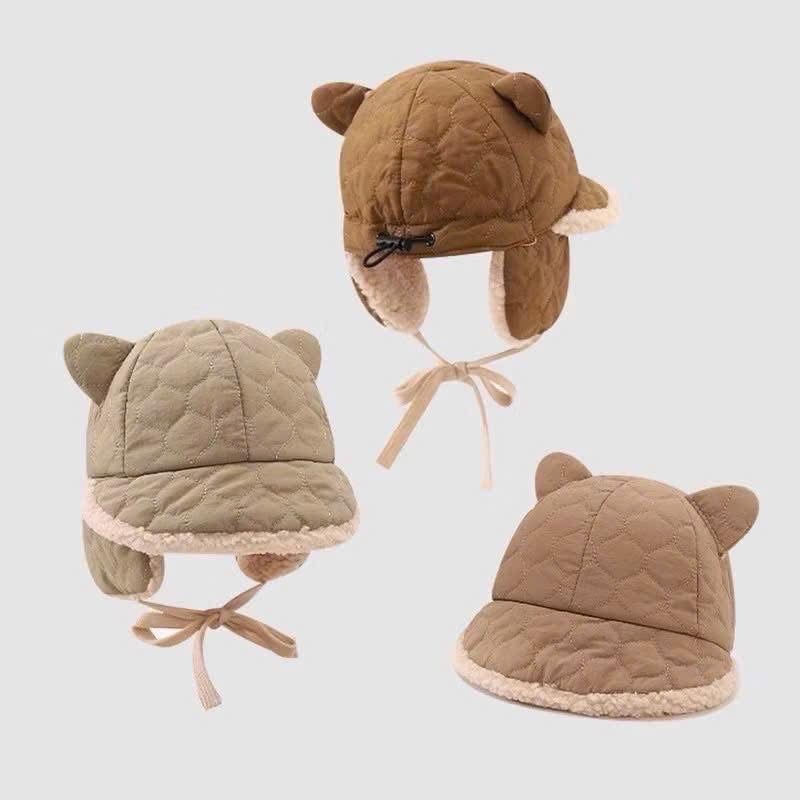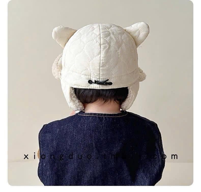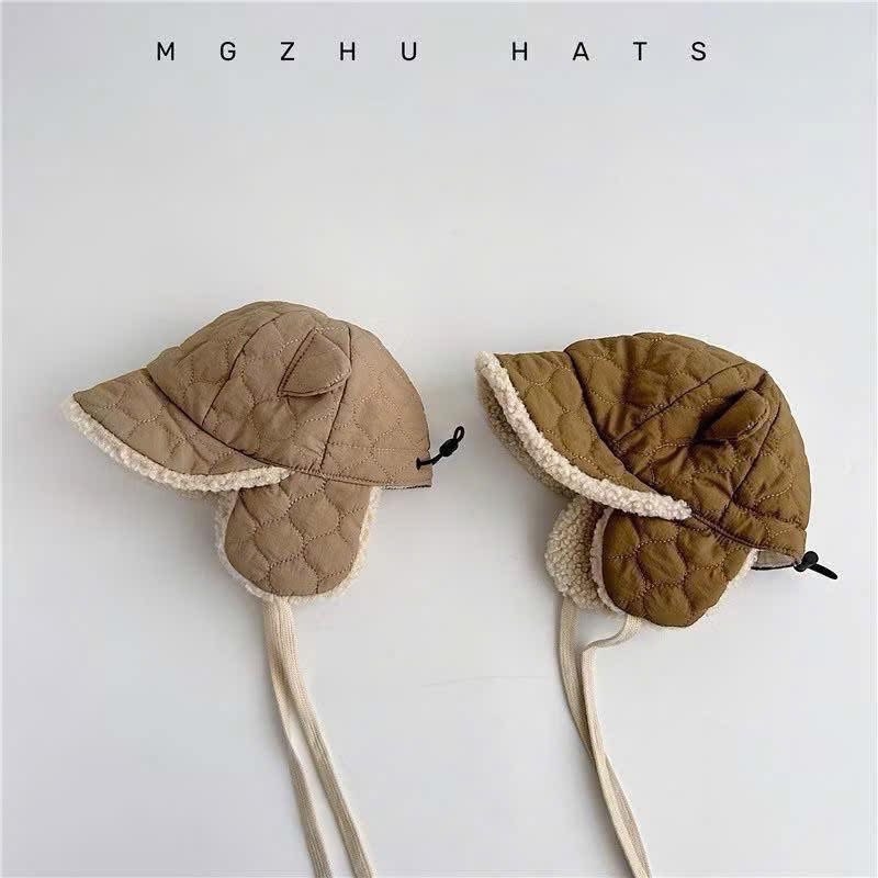 Mũ Dù Phối Lông Bịt Tai Cho Bé Kèm Dây Cột
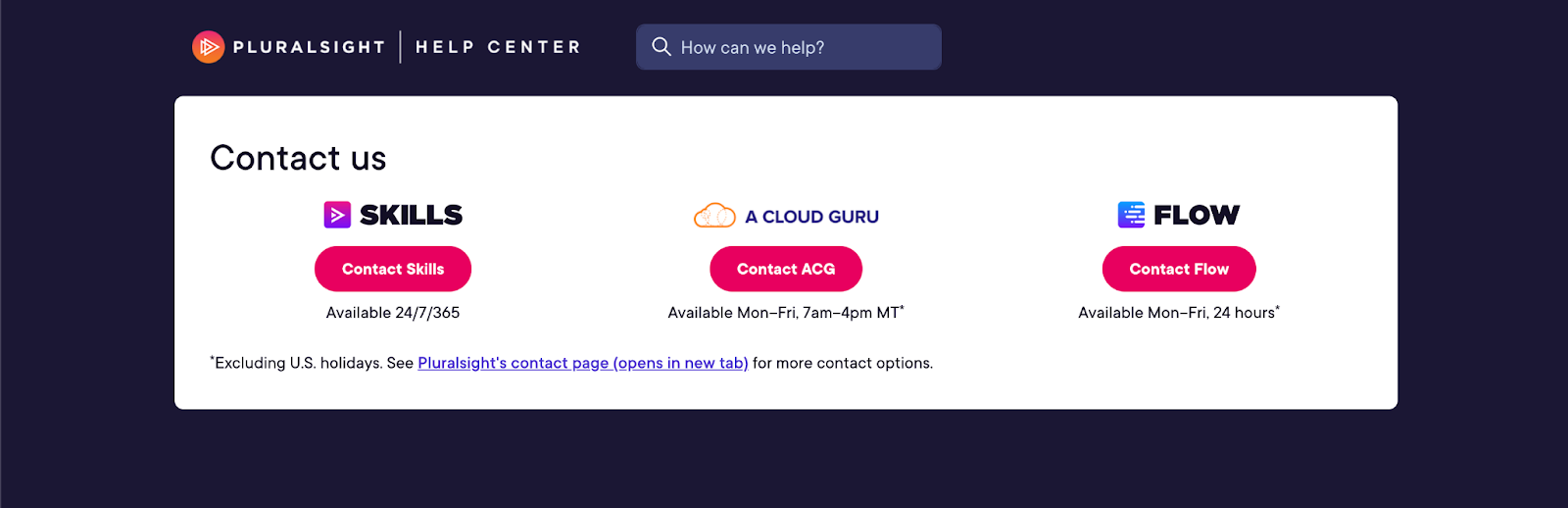 The Pluralsight Help Center has a new look and feel. Continue to use the search bar throughout the Help Center to explore articles and find answers to common questions.
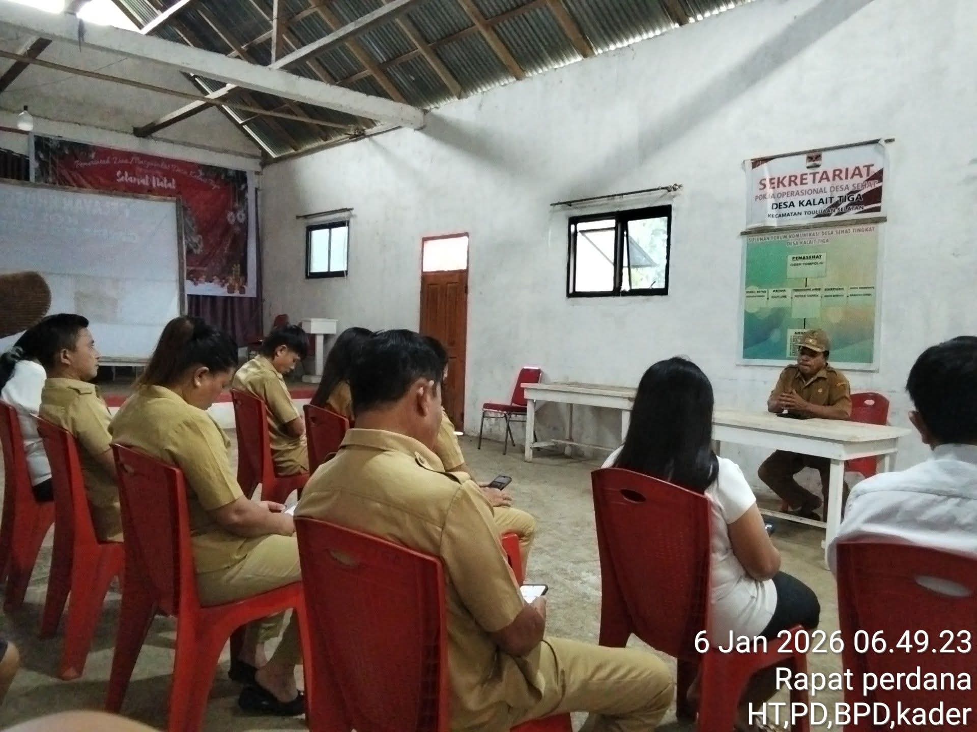 “Kami sangat senang dapat memulai tahun 2026 dengan apel dan rapat perdana ini. Kami ingin menekankan pentingnya koordinasi dan sinergi antara seluruh perangkat desa dan kader dalam menjalankan program-program pembangunan. Marilah kita bekerja sama untuk meningkatkan kualitas hidup masyarakat Desa Kalait Tiga. Kami berkomitmen untuk menjalankan program-program pembangunan yang telah direncanakan dan memastikan bahwa setiap rupiah yang digunakan dapat memberikan manfaat yang maksimal bagi masyarakat” tambah Tua Royke Tarek.
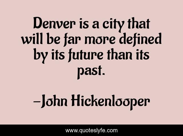 This page presents the quote "Denver is a city that will be far more defined by its future than its past.". Author of this quote is John Hickenlooper. This quote is about past, city,.
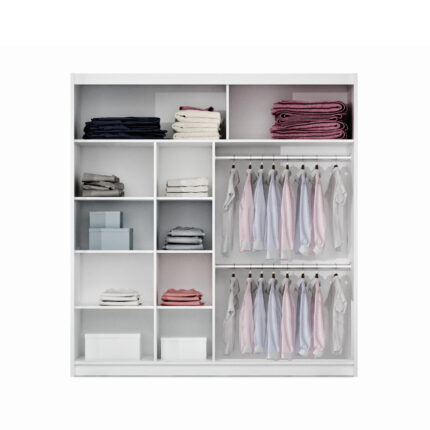 • Za jednym frontem – półki w układzie kolumnowym (wygodne strefy na swetry, koszulki, pudełka).
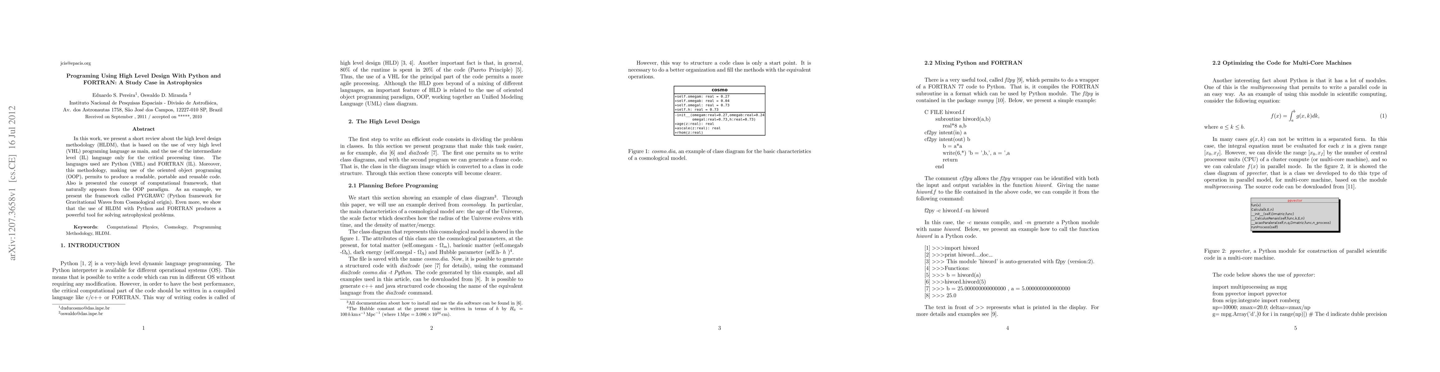 This paper explores a high-level design methodology (HLDM) using Python and FORTRAN in astrophysics, emphasizing readable, portable, and reusable code through object-oriented programming. The study showcases the PYGRAWC framework and demonstrates its effectiveness in solving astrophysical problems.

WHAT THIS TASK INVOLVES
Beginning with the line that contains "swetry, koszulki, pudełka).", reproduce every line through the end of the records above exactly, leaving pictures out.

EXERCISE RESULT
 • Za jednym frontem – półki w układzie kolumnowym (wygodne strefy na swetry, koszulki, pudełka).
 This paper explores a high-level design methodology (HLDM) using Python and FORTRAN in astrophysics, emphasizing readable, portable, and reusable code through object-oriented programming. The study showcases the PYGRAWC framework and demonstrates its effectiveness in solving astrophysical problems.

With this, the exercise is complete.